CONTEMPORARY MUSIC REVIEW

Percussion with Lyricism, Particles, Waves

May 21, 2001


Wayne Peterson

By Jules Langert

Colorful percussion, imaginatively scored and impressively performed, was at the heart of Earplay's concert in Berkeley's First Congregational Church last Monday evening. Wayne Peterson's Antiphonies (1999), for marimba and vibraphone, was its strongest element, and Daniel Kennedy, for whom the work was composed, was the exceptional performer.

In each section of Antiphonies's single, continuous movement, the marimba dominates the musical texture. Its chromatically shifting tremolando harmonies give rise to a skein of rapid melodic figuration that demand great concentration from the performer. The vibraphone seemed an extension of the marimba, its long, held tones adding harmonic resonance and enriching the timbral palette with a bright metallic sound.

A brief episode using wooden sticks instead of mallets provides an interesting change of texture — drier, thinner, and more percussive. For all its activity and rhythmic propulsion, a long-breathed lyricism seems to underlie much of the piece's expressive intention. Kennedy, who played it from memory, was utterly convincing.

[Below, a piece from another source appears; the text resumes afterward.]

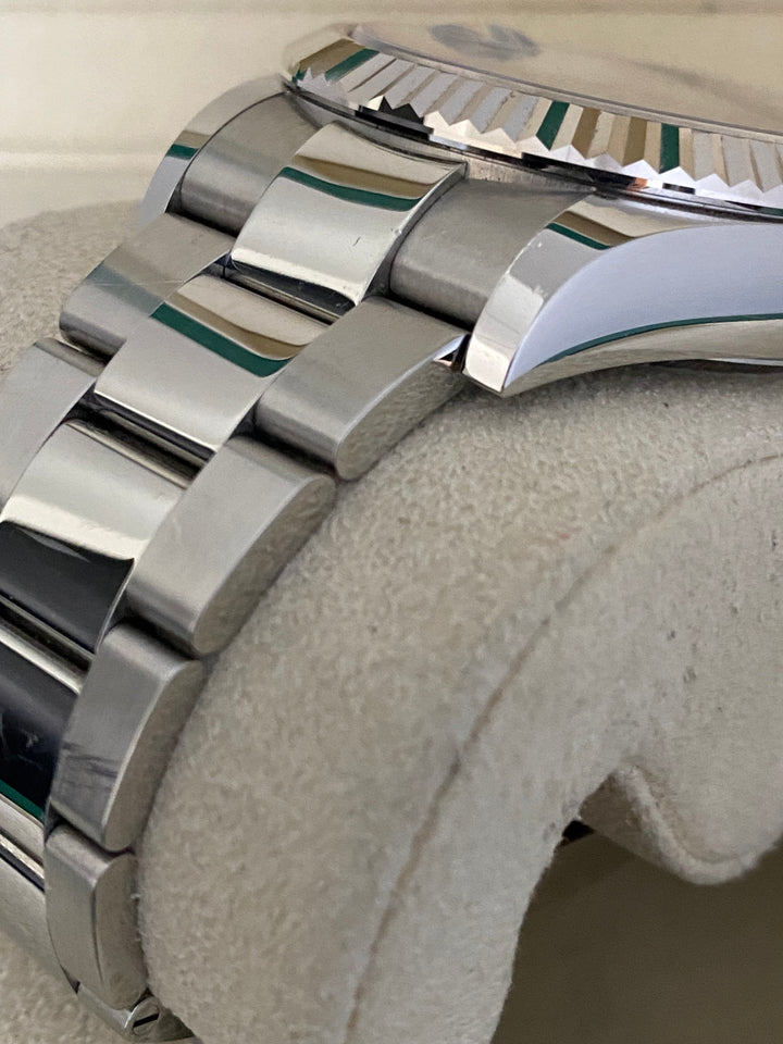 This watch is used but in mint condition, unpolished, and will come complete with all original Rolex accessories when purchased. The oyster bracelet is in superb shape as seen in the photo gallery. This timepiece was originally purchased from AD in May 2019 as indicated on its warranty card. We provide a 1-year Warranty.

Arresting Piece in Premiere

Lori Dobbins' Wave/Particle (2000), an Earplay commission receiving its first performance, opened the program. The dynamic performers were pianist John McGinn, cellist Dana Putnam, and percussionist Timothy Dent. In three connected movements, the piece is much given to dramatic textures and a tumultuous expressivity that was frequently arresting.

Big, sweeping piano arpeggios interact with mostly pitched percussion to form fast moving sequences of sixteenth notes. These are the particles of the piece's title. The waves come chiefly from the cello's long, sustained melodic solos. These two antipodal elements are often juxtaposed or combined effectively, the slower sections sometimes enhanced by tam-tam and bowed vibraphone. Drawbacks occur in the faster sections, where the syncopated, motoric activity loses its thrust and begins to feel mechanical. The piece ends on a low, cadential cello note, emphatically repeated and seemingly at stylistic odds with the rest of the composition.

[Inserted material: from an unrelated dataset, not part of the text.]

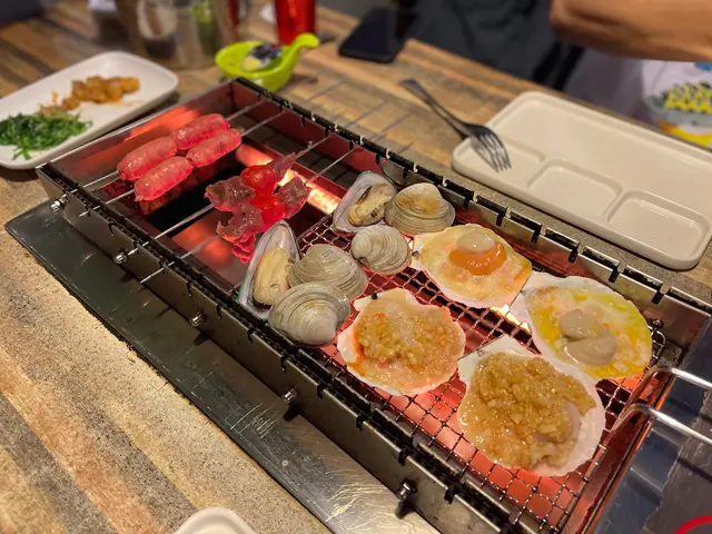 蜆同青口味道鮮美,帆立貝鮮嫩多汁;豬腩肉煎得香脆,牛柳粒嫩滑多汁,牛肋條同牛脷口感豐富;台灣腸同紅腸鹹香惹味,菠蘿燒到啱啱好,甜甜哋好開胃;多春魚外脆內嫩,棉花糖燒完外脆內軟,蒜蓉包香氣十足。

Anthony Korf's witty, mercurial Six Miniatures (1997) was played by flutist Tod Brody and pianist Karen Rosenak with style and elegance. It is like a set of fantasy variations, based partly on affectionate parodies of popular tunes, featuring the limping, repetitive opening notes of Tea for Two and the lyrically rising first four notes of Tenderly (occasionally lurching into I Got Rhythm). The piano has some pseudo-jazz chords and a series of sliding, sensuous tenths, increasing the flavor of pop pastiche. Yet there is more than enough sophisticated modernism to make this an interesting, original work of considerable charm.

Sputter, a flurry and arabesques

Martha Horst's Full Circle (2001), commissioned by Earplay, was also given its first performance. It opens with flute and clarinet playing long, sustained notes against which violin and cello sputter in short, vigorous bursts of motion. Gradually, the instrumental roles become reversed as this first movement ends in a climactic flurry of notes. The second movement has the four instruments playing together in a perky, hocketlike canonic structure. At the end, arabesques from the first movement return, surprisingly and delightfully sweeping the music to its final cadence.

Andrew Rindfleisch's What Vibes! (2000), for piano, percussion, violin, cello, flute, and clarinets, was the exuberant final work. This piece, with a strongly defined tonal flavor, is full of quick sleight-of-hand shifts in tempo and texture, multiple ostinatos, bluesy clarinet runs with piercing high notes, brief, noisy snare drum rolls, festive chimes, and a lively infectious jocularity whose punchy, parodistic edge occasionally reminded me of Ravel's G Major Piano Concerto. It was a suitably exhilarating finale to a concert in which good spirits and high energy were such prominent ingredients. Mary Chun conducted this piece, as well as Dobbins' Wave/Particle, with deftness and assurance.

(Jules Langert is a composer and teacher who resides in the East Bay.)